We know what you're thinking. The purported Samsung Triathlon was to be a more budget friendly activity band, with a Fitbit-esque form factor.

This Gear S2 lookalike, however (which apparently carries the model number SM-R150), is being touted as the next fitness device from the Samsung stable.

Essential reading: The best fitness trackers on sale

Rocking a very similar rubber band, circular metal frame look as its smartwatch big brother, there's also a suggestion that the rotating bezel is on board.

That OS and UI, while not an exact likeness of the Gear S2, is unmistakably Tizen and the leaked images suggest rep counting, heart rate monitoring and water intake recording are all on board.

Samsung Triathlon SM-R150 images hit the web

Interestingly, and completely differentiating the Tizen tracker from the Gear S2, there's an image that shows the face clipped onto a users sweatshirt.
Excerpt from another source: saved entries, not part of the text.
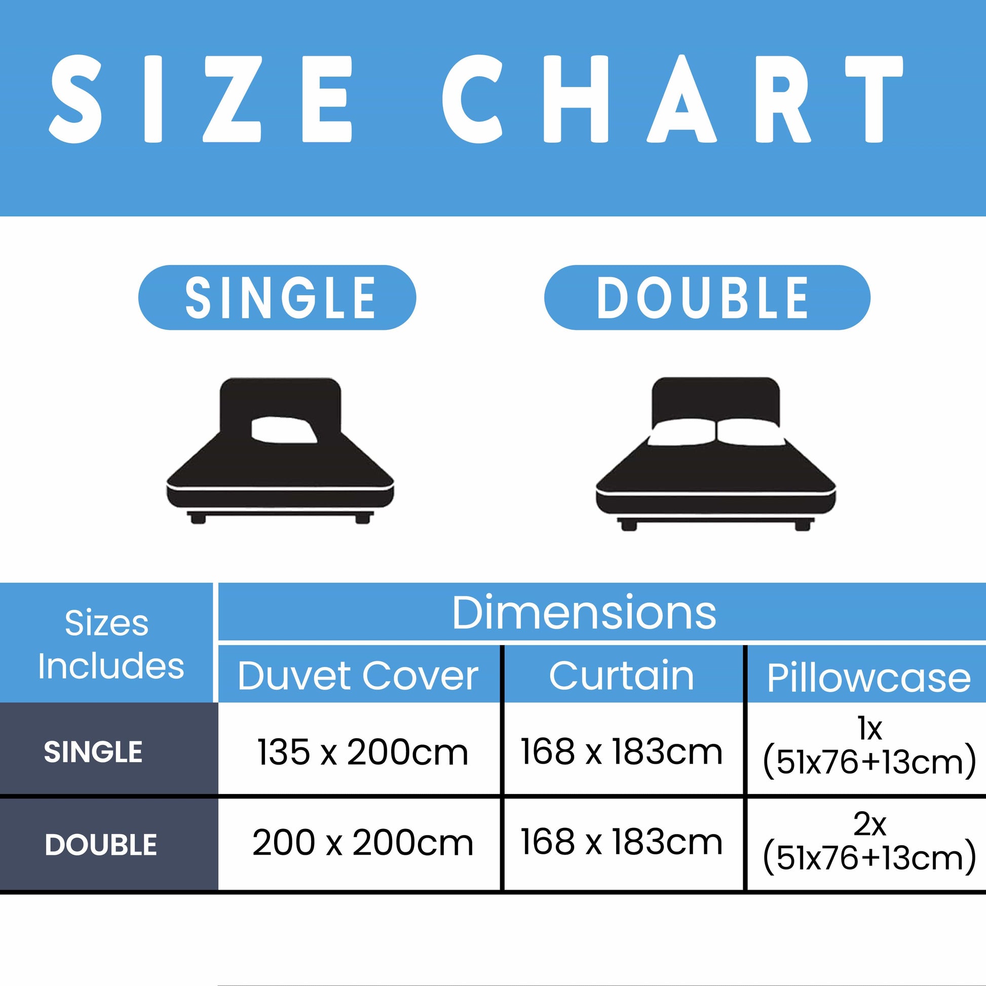 - Single: One duvet set (135 x 200 cm) + 1 pillowcase (48 x 74 + 13 cm)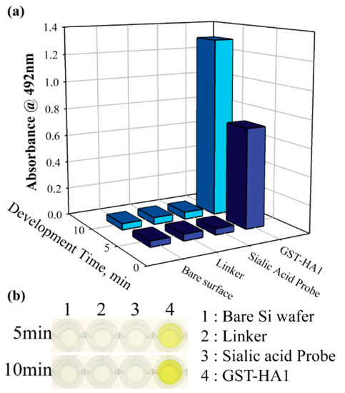 ELISA of functionalized Si wafer. (a) Absorbance was measured at 492 nm after sequential functionalization of Si wafer; bare surface, surface immobilized with linker (APTES and GA), surface functionalized with CMP-NANA, and addition of HA1 domain to the surface of functionalized CMP-NANA. (b) Color changes of terminated reaction with 2 N H2SO4 in 96-well plate.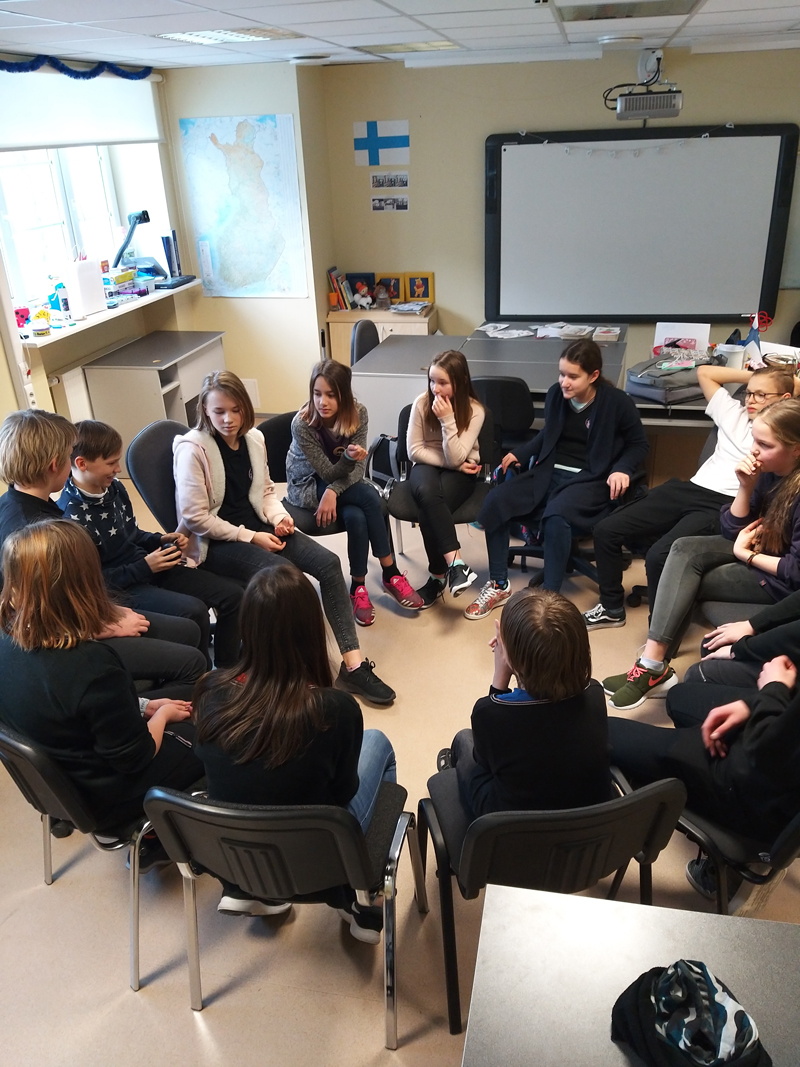 Tallinna ühisgümnaasiumi 6. klassi õpilased õpivad esimest aastat soome keelt. Foto: Karola Velberg
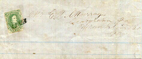 | CB47 | CSA #1 Stone 2 (irregular margins with a clipped right lower corner) tied by a PAID handstamp of unknown origin. Adversity cover made from a lined ledger page but part of the back is missing. Clean cover addressed to Mr. E. B. Murray, Georgian PO Franklin Co., Ga. Cover originally included in the exhibit to show this unusual cancellation. | SOLD |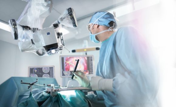 Zeiss hat sich im Geschäftsjahr 2016/17 intensiv mit dem Thema Vernetzung beschäftigt: Das robotische Visualisierungssystem Zeiss Kinevo 900 für die Visualisierung in der Neurochirurgie sei ein eindrucksvolles Beispiel. (Bild: Carl Zeiss AG)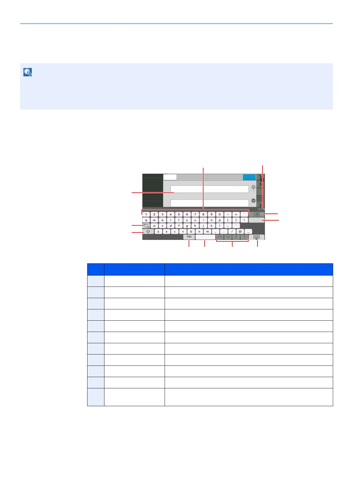 9 Enter key Select to finalize entry and return to the screen before the entry.
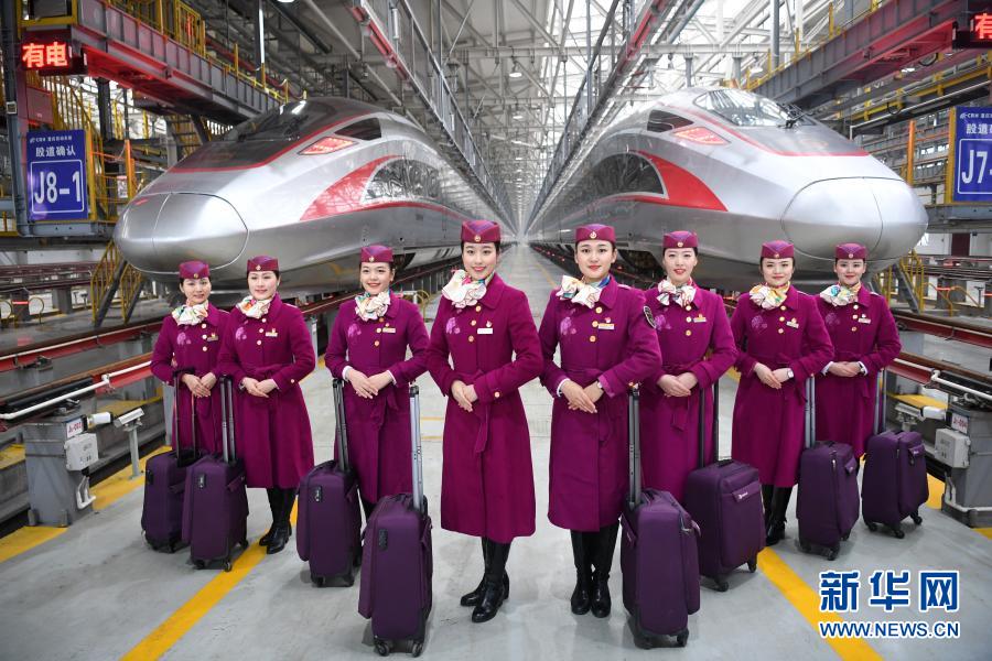 12月23日,复兴号CR400AF动车组及首发乘务组在重庆车辆段西动车所亮相。新华社记者 唐奕 摄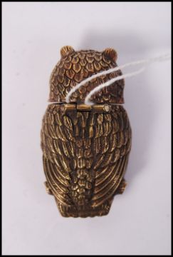 An unusual novelty brass vesta case in the form of an owl perching on a branch with yellow glass eyes.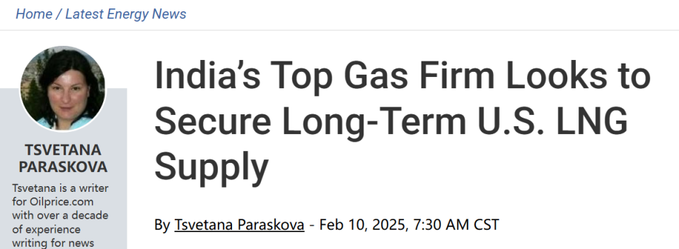 凭据路透社的报说念,为加多对好意思国液化气的采购,印度GAIL India Ltd. 董事长 Sandeep Kumar Gupta 暗示,该公司正在寻求购买好意思国液化自然气 (LNG) 工场的股份或确保好意思国液化自然气的永恒供应。与此同期, 印度国有的石油公司正在与好意思国公司 Cheniere Energy 进行一项为期 15 年的液化自然气往复谈判,每年往复量在 150 万至 200 万公吨之间。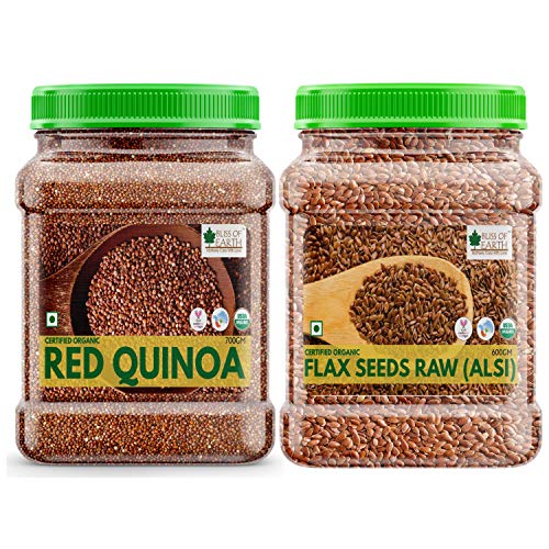 Bliss of Earth USDA Combo of Organic Red Quinoa (700gm) and Flax Seed (600gm) for Weight Loss Raw Super Food Pack of 2

This means, like the UP Move or the new Withings Go, the tracker is designed to be worn in multiple ways.

There are already plenty of budget fitness trackers already on sale, including the new Xiaomi MiBand 1S, which offers heart rate tracking for less than $16. There's also the likes of the aforementioned UP Move and Withings Go, along with Misfit's vast army of Shine-esque trackers.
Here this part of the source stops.